**Exercise prompt**
With pictures excluded, output exactly the lines that run from the first line of the data below through the line containing "Cotton Floral Printed".

# # # #

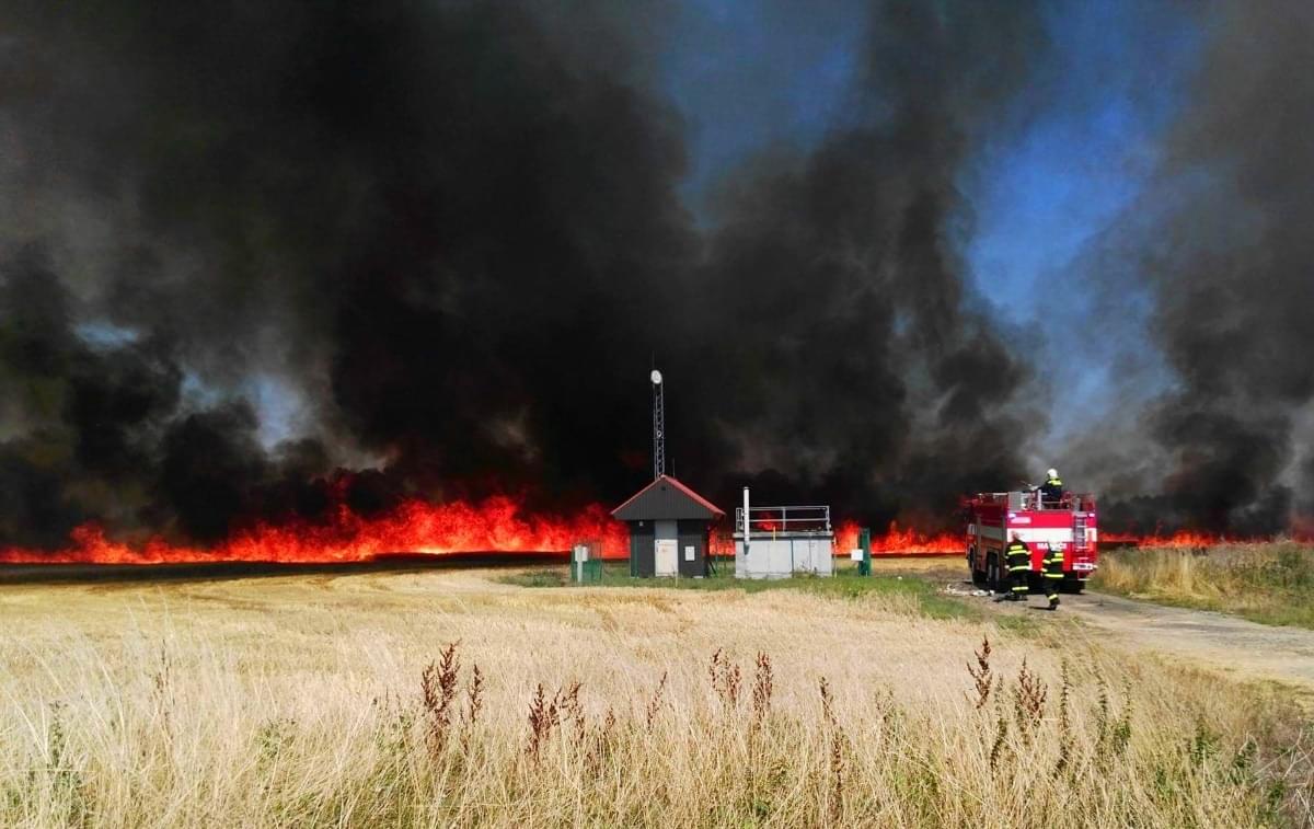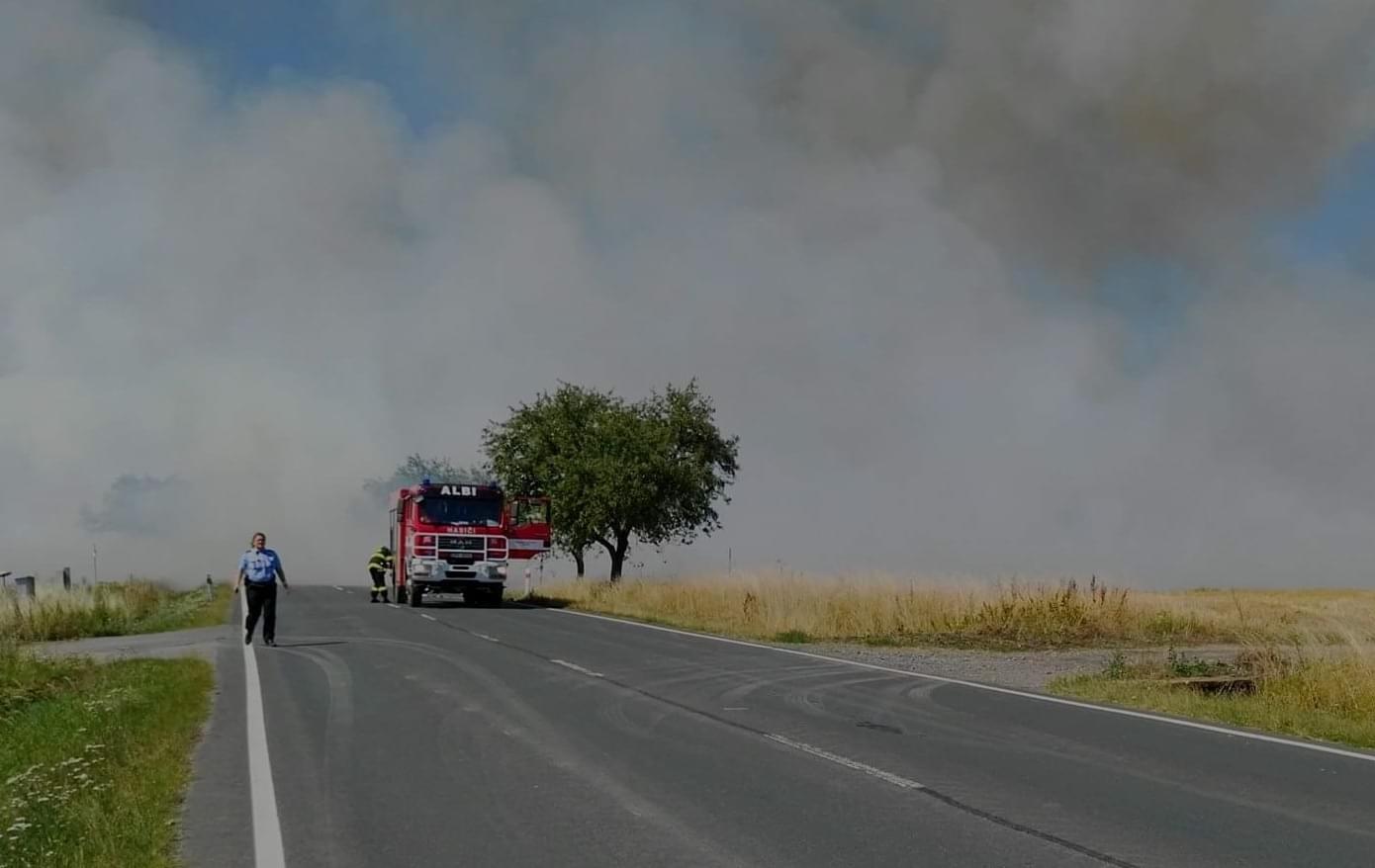 Po druhé hodině odpoledne zasahovalo několik jednotek hasičů u rozsáhlého požáru pole u Těchlovic, který se rychle šířil. Vítr oheň rozdmýchával a hnal na silnici, takže hasiči museli požádat policii o uzavření komunikace.
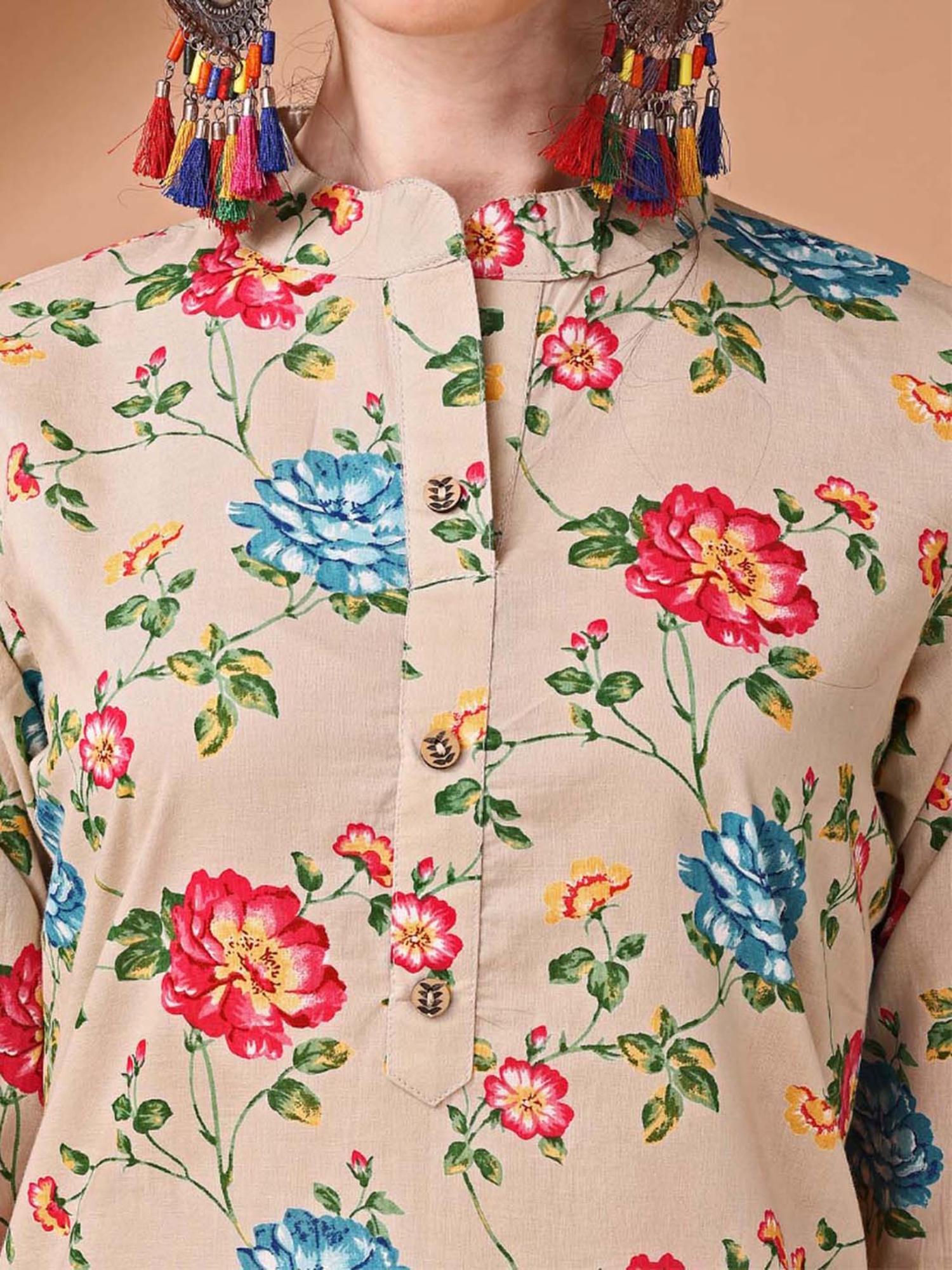 Cotton Floral Printed Beige Co-Ord (Set of 2)
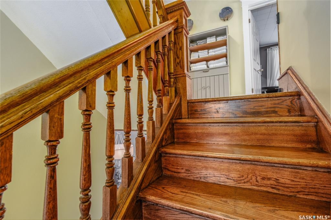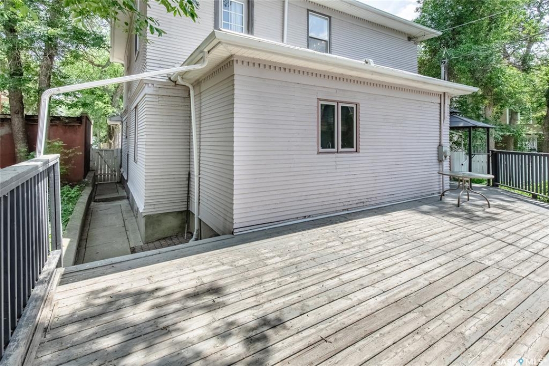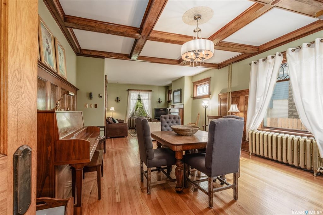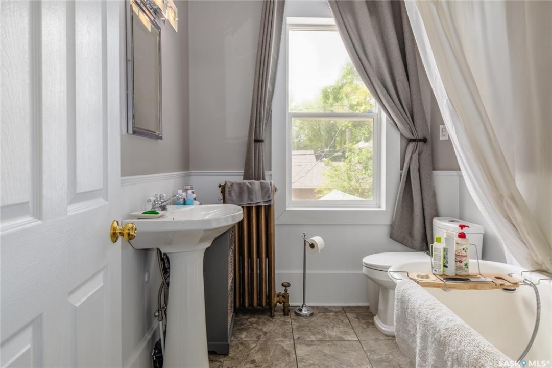 Welcome to this beautiful, character-filled home nestled on the tree-lined and sought-after Clifton Avenue. From the moment you arrive, the inviting front covered porch sets the tone—this is a home with heart, history, and so much to offer! Step inside and you'll find a main floor full of warmth and possibility. A bright front office and 2-piece bathroom offer function and flexibility right off the entry. The living room is cozy and welcoming, featuring a wood-burning fireplace with stunning green tilework — a true focal point with vintage appeal. The dining room is simply breathtaking, with rich wood moldings and exposed ceiling beams that make every dinner feel special. The kitchen has updated countertops and a layout that could easily be opened up into the adjacent breakfast room for even more space and flow. Head upstairs and you'll find four comfortable bedrooms and a 4-piece bathroom complete with a charming clawfoot tub — classic and functional. The third level is a hidden gem: a sprawling loft-style room with its own 4-piece bathroom and walk-in closet. Whether you use it as your primary suite, a creative studio, or a bonus room, it's a space full of possibilities. The basement offers high ceilings and a wide-open layout, ready to be finished however you dream it — home gym, rec room, extra bedrooms... the sky's the limit. Outside, enjoy a fully landscaped yard, large deck, and complete fencing for privacy. There's even a single-car garage to round it all out. This home is more than just a place to live — it's a piece of Moose Jaw's history, beautifully preserved and waiting for its next chapter. Don't wait--book your viewing today!
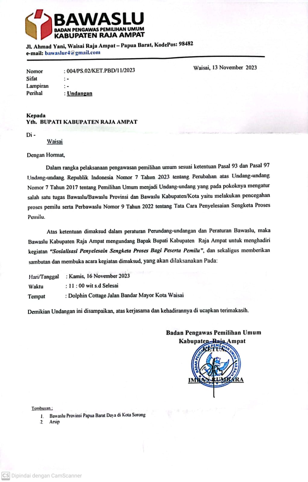 5 Sosialisasi Penyelesaian Sengketa Proses Bagi Peserta Pemilu 11:00 Dolphin Cottage, Waisai Bupati - BAWASLU Raja Ampat -
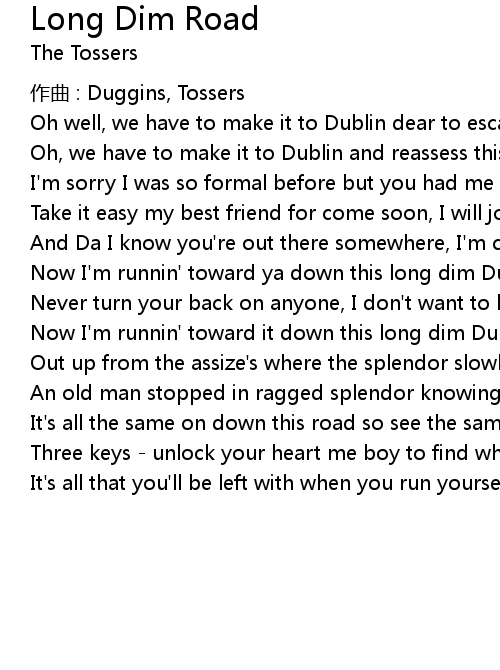 | Now I'm runnin' toward it down this long dim Dublin road | |
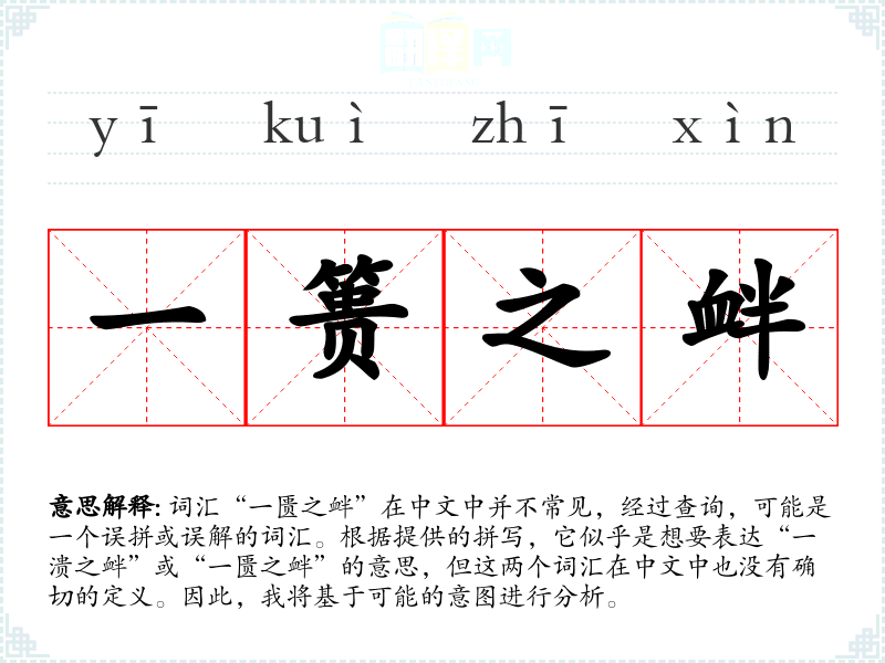 词汇“一匮之衅”在中文中并不常见,经过查询,可能是一个误拼或误解的词汇。根据提供的拼写,它似乎是想要表达“一溃之衅”或“一匮之衅”的意思,但这两个词汇在中文中也没有确切的定义。因此,我将基于可能的意图进行分析。
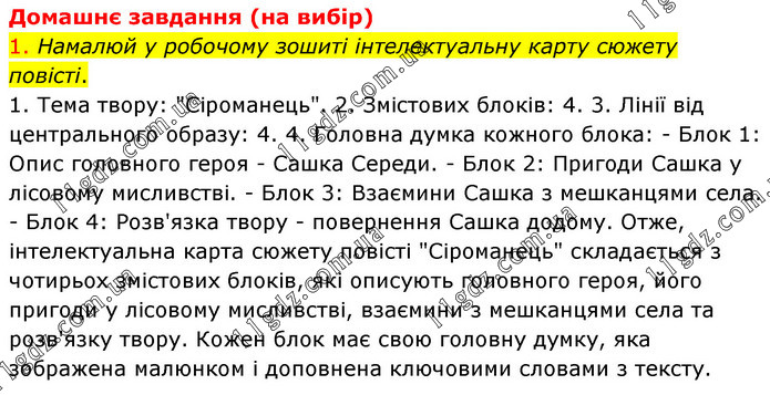 Домашнє завдання (на вибір) 1. Намалюй у робочому зошиті інтелектуальну карту сюжету повісті. 1. Тема твору: "Сіроманець". 2. Змістових блоків: 4. 3. Лінії від центрального образу: 4. 4. Головна думка кожного блока: - Блок 1: Опис головного героя - Сашка Середи. - Блок 2: Пригоди Сашка у лісовому мисливстві. - Блок 3: Взаємини Сашка з мешканцями села. - Блок 4: Розв'язка твору - повернення Сашка додому. Отже, інтелектуальна карта сюжету повісті "Сіроманець" складається з чотирьох змістових блоків, які описують головного героя, його пригоди у лісовому мисливстві, взаємини з мешканцями села та розв'язку твору. Кожен блок має свою головну думку, яка зображена малюнком і доповнена ключовими словами з тексту.
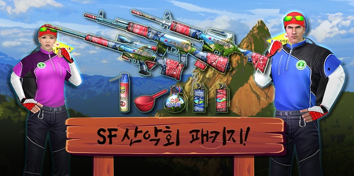 ... 무기 시리즈는 봄 시즌 초록빛의 산의 정취와 등산에 사용하는 페이즐리 패턴의 손수건의 일부를 디자인 한 총기 5종, 수류탄 3종, 벌레퇴치 에어졸 1종, 약수터 바가지 2종으로 총 11종이다. 장비 시리즈는 산악회 회원의 모습을 장식할 수 있는 SF 산악회 모자, 의상, 랜턴,
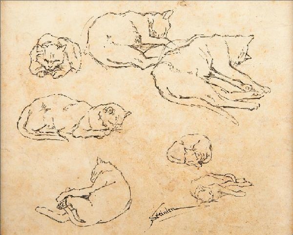 Théophile Alexandre Steinlen created this study of cats with pencil, capturing the essence of feline repose. Throughout history, the cat has been a symbol of duality: embodying both domesticity and wildness, comfort and independence. In ancient Egypt, the cat was revered, a protector against evil, often associated with the goddess Bastet. Here, the scattered poses—some alert, others deeply asleep—reflect the cat's mysterious nature, a creature dwelling on the threshold of awareness. Consider the recurring motif of the sleeping figure across cultures. From the slumbering Ariadne, abandoned by Theseus, to the countless depictions of sleeping children, sleep represents vulnerability, a temporary surrender to the subconscious. The cat, in its slumber, mirrors this state, inviting us to consider the hidden depths beneath a placid surface. Steinlen captures not just the physical form of the cat, but also its psychological space, its inner world of dreams and instincts, a reminder of the ancient, untamed forces that persist within the domestic sphere.
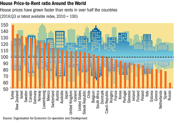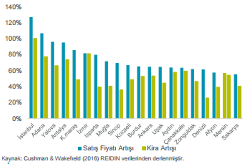 Türkiye ekonomisi konut satış fiyatlarının kiralara göre en hızlı arttığı ekonomi durumunda bulunuyor. Buna göre Türkiye’de konut satış fiyatlarındaki artış ile kiralardaki artış arasında 2010 yılından bu yana konut satış fiyatları lehine yaklaşık yüzde 50 oranında fark oluşmuş. Yani konut satış fiyatlarındaki artış kadar kiralar artmamış.

# # # #

**Result of this exercise**
 Po druhé hodině odpoledne zasahovalo několik jednotek hasičů u rozsáhlého požáru pole u Těchlovic, který se rychle šířil. Vítr oheň rozdmýchával a hnal na silnici, takže hasiči museli požádat policii o uzavření komunikace.
 Cotton Floral Printed Beige Co-Ord (Set of 2)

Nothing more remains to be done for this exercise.